Greetings to one and all! The severe weather season across North America has been in full force the past few days with a number of very potent events. There’s a plethora of topics to cover this week, so let’s get started.
- The last twenty years has seen an unprecedented amount of information, news, editorials, op-eds, et al. available to the general public. The perilous, persistent dangers of misinformation have been around for centuries, but, as this thought provoking essay explains, can be more problematic in the 21st century. In spite of that, spreading misinformation is nothing new.
- This is a spectacular astronomical image with 265,000 galaxies visible from sixteen years of Hubble imagery. Let that number sink in and you get a sense of the vastness of the universe.
- This has been one of the biggest stories of the week…and for all the right reasons. The status and health of our planet, and close to a million species, is at stake. “The evidence is incontestable. Our destruction of biodiversity and ecosystem services has reached levels that threaten our well-being at least as much as human-induced climate change.”
- Disaster preparedness is an essential part of recovery from natural hazards. According to a new national index, many states that are the most vulnerable to natural disasters are the least prepared.
- This has been an active week for severe weather across the USA. A few images of sprites have been posted online. This is a fascinating phenomenon linked to lightning within strong to severe thunderstorms. Here’s a concise read on this amazing atmospheric spectacle.
- A fascinating read. “New research finds ocean activity may control the strength and intensity of summer monsoons. The results could help researchers predict how monsoons will change with warming oceans.”
- Never underestimate the powerful persuasion skills of children. They may be instrumental in helping climate change denialists to consider the sound science that exists.
- What happens when a raindrop hits a puddle? It’s more than just a tiny splash.
- This is a climate factor that few on this planet will not feel the effects of. “El Niño Is Now Stronger and Stranger, Coral Records Show.”
- Last but not least, here’s the latest NOAA State Of The Climate Report…this one is for April 2019. In April alone, there’s a preliminary count of 274 tornadoes.

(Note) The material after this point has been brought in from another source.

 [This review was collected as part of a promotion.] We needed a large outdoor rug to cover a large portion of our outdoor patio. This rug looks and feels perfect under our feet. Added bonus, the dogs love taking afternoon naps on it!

SEVERE WEATHER SAFETY AND PREPAREDNESS
Here are some links and infographics that will provide a starting point for gathering online severe weather information. I hope you find plentiful information here that will help you become better prepared as we navigate one of the most volatile climactic seasons on our planet.

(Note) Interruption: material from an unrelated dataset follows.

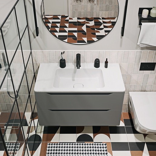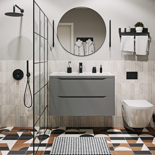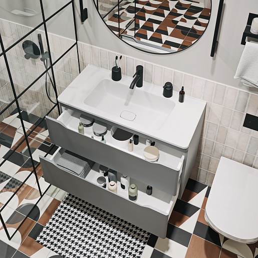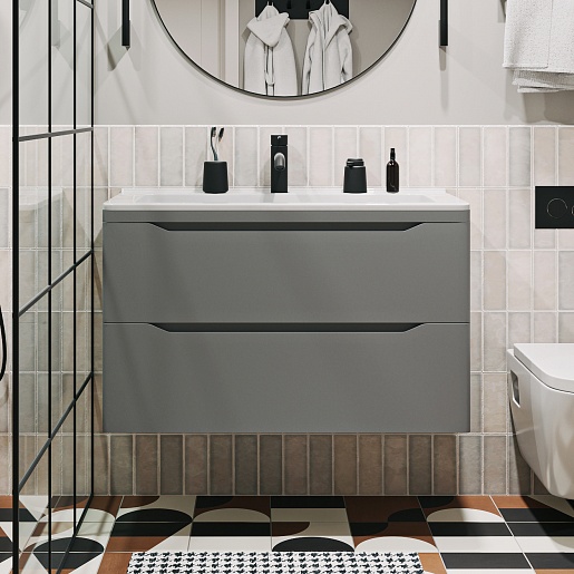 Тумба под раковину Shelly 90 подвесная серая матовая

Testing your NOAA weather year round is one of the best ways to stay informed on weather conditions for your area regardless of the season. Many National Weather Service offices conduct weekly tests. It’s also a good idea to replace the batteries in your NOAA weather radio when you change batteries in your smoke/carbon monoxide detectors.
When severe weather is forecast, it is assigned a risk category. Hazards exist in all categories, hence it’s important to be aware of all of them. Note: tornadoes can and do occur even in Marginal Risk areas…and a Slight Risk does not mean that storms will be “slightly” severe.
After thunderstorms form, they are carefully observed with Doppler Radar. This infographic explains how this amazing technology works and how its progressed over the years.
When severe weather is anticipated, a Severe Thunderstorm or Tornado Watch will be issued. It’s very important to know the difference between a Watch and a Warning.
If a TORNADO WARNING is issued, it means you need to take cover immediately. Where you take cover can sometimes be a life-or-death situation.
If a TORNADO WARNING is issued and you are in the warned area, there are good options and bad options for taking shelter. The choice can sometimes be a life-and-death decision. Bad options have killed countless people in recent years.
Here are more links that will help you prepare and stay informed during the severe weather season.
This excellent Emergency Kit checklist from the American Red Cross is very helpful in assisting you while you compile items for your kit. A kit like this should be available year round…there are many winter weather scenarios where the same items will come in handy.
Please keep in mind that ONLY your local National Weather Service office, NOAA Weather Radio, or reliable broadcast media are the BEST sources of important, timely, and potentially life-saving weather information, watches, and warnings! None of the links on this page should be used for life-&-death decisions or the protection of property!
That’s a wrap for this post! To my new followers, I’d like to extend a sincere “Welcome” and thank you for being a part of the fun. For my long-time followers, your loyalty is deeply appreciated. Thanks so much for the support and kind words!